Ratsmehrheit für einen Netto-Markt

Bei drei Gegenstimmen spricht sich der Gottenheimer Gemeinderat für die Ansiedlung eines Discount-Marktes am Hinteren Berg aus.

  1. Auf diesem Gelände bei Gottenheim soll ein Netto-Einkaufsmarkt gebaut werden. Foto: manfred frietsch

GOTTENHEIM. Mit zehn Ja- bei drei Neinstimmen entschied sich der Gottenheimer Gemeinderat am Montagabend für den Bau eines Supermarktes am Ortsausgang Richtung Bötzingen. Mit dem gleichen Stimmenverhältnis wurde auch der Aufstellungsbeschluss für den Bebauungsplan gefasst.

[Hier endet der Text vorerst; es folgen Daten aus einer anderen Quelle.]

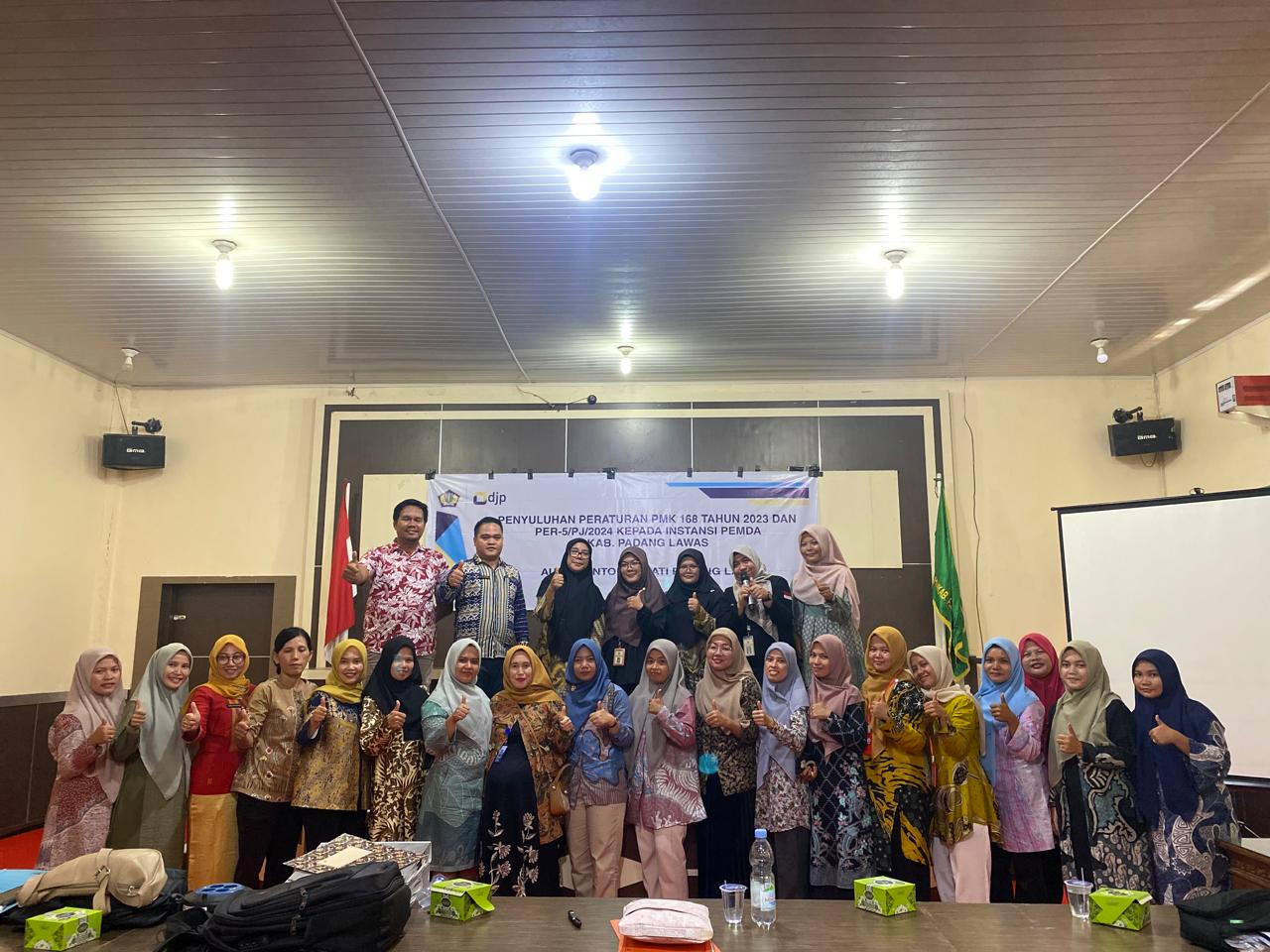 Kantor Pelayanan Pajak (KPP) Pratama Padang Sidempuan (Pajak Sidempuan) melakukan penyuluhan peraturan perpajakan Peraturan Menteri Keuangan Nomor 168 Tahun 2023 dan Peraturan Direktur Jenderal Pajak nomor PER-5/PJ/2024 kepada Instansi Pemerintah Daerah Kabupaten Padang Lawas bertempat di Aula Kantor Bupati Kabupaten Padang Lawas (Kamis, 28/6). Hadir dari Pajak Sidempuan Penyuluh Pajak Herfina Dewi Siregar dan Indah Lestari Simanungkalit.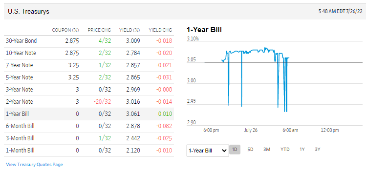 Heading into the Fed’s decision Wednesday afternoon, Treasury rates are off their mid-June highs. The one-year yield is more than five basis points higher than the 30-year bond rate. Soon, we might see ultra-short-term Treasury yields above long-term bond rates.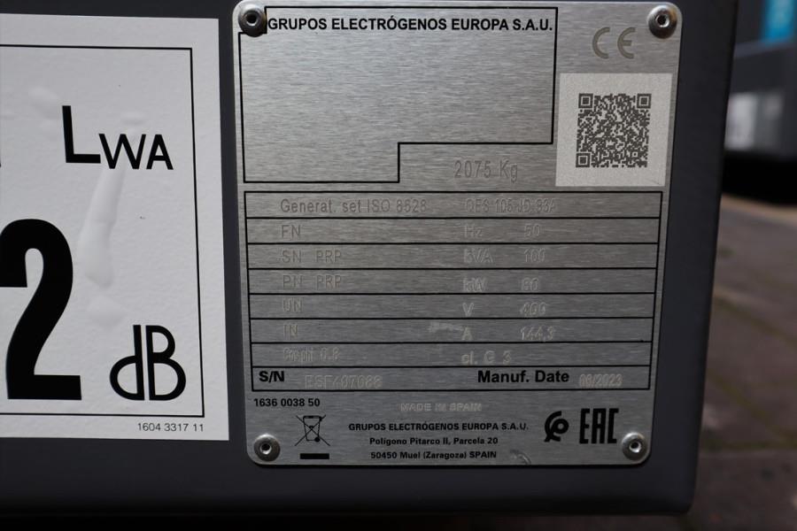 Pfeifer Rentals & Sales B.V is an official Atlas Copco dealer. This machine has a valid inspection and can be sold with warranty. Inform about our conditions! Manufacturer: Atlas Copco Typ: QES 105 JD S3A ESF Building year: 2023 Fuel: Diesel Serial nr: ESF407088 Engine brand: JOHN DEERE Model: 4045HFG82 R.P.M.:1.500 Fuel Diesel No. of cylinders 4 L Engine Capacity (c.c.) 4.500 ALTERNATOR Brand: MECC ALTE Model: ECP34-2S/4A Alternator Power (kVA) 105 / Continuous (H) Number of wires :12 IP Alternator: IP 23 CE (Declaration of Conformity). More detailed pictures / product movie on our website. pfeifermachinery.com Above specifications are subject to change without prior notice and subject to errors.

Schon lange beschäftigen sich in Gottenheim Verwaltung und Gemeinderat mit einer Marktansiedlung. Bürgermeister Volker Kieber erwähnte das erfolgreiche Zielabweichungsverfahren beim Regionalverband – die vorgesehene Fläche von etwa 4900 Quadratmetern, die künftig "Sondergebiet Einzelhandel Hinterer Berg" heißen wird, liegt im Regionalen Grünzug – und eine überwiegende Zustimmung in einer Bürgerversammlung vor wenigen Wochen. Darum sei jetzt der Zeitpunkt für eine Grundsatzentscheidung im Gemeinderat gekommen. Es sei schwierig gewesen, in einer so kleinen Gemeinde einen Investor für einen Supermarkt zu finden. Doch mit der in Süddeutschland expandierenden Firma "Netto Marken Discount" habe man nun einen interessierten Betreiber gefunden.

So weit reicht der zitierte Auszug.